Holly observes of Jed that “The boy is such a mystery, a construct that represents the ‘fatal gift.’” From this and other remarks already quoted, it is clear that Jed is Holly's religion; indeed, to Holly, Jed actually qualifies as a numenosum. Jung, citing Otto, defines a numenosum thus:
Religion, as the Latin word denotes, is a careful and scrupulous observation of what Rudolf Otto [in The Idea of the Holy] aptly termed the numenosum, that is, a dynamic agency or effect not caused by an arbitrary act of will. On the contrary, it seizes and controls the human subject, who is always rather its victim than its creator.... The numenosum is either a quality belonging to a visible object or the influence of an invisible presence that causes a peculiar alteration of consciousness.
Bo Huston portrays the characters of Holly and Jed as though they were psychological holograms. For most readers, Holly cannot be a positive character, since he systematically leads the boy Jed astray.
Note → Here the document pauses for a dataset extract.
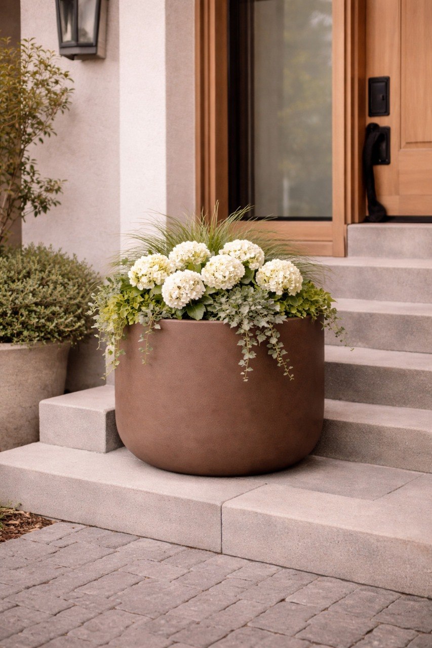 Материал не боится влаги и температурных перепадов, что позволяет использовать изделие как внутри помещений, так и на улице. При этом кашпо легче бетонных аналогов, что упрощает транспортировку и установку.

Ultimately, however, Huston presents this complicated, improbable relationship between man and boy in a context that suggests that fundamental causes lie very deep, and simple answers even to questions of simple morality do not exist.
For those eager for additional insight into the mystery of the numinous inner compulsions often associated with boy-love, The Dream Life should be most welcome for what it reveals about boy-love as applied, de facto religion, a concept brilliantly exemplified on nearly every page of this fascinating novel.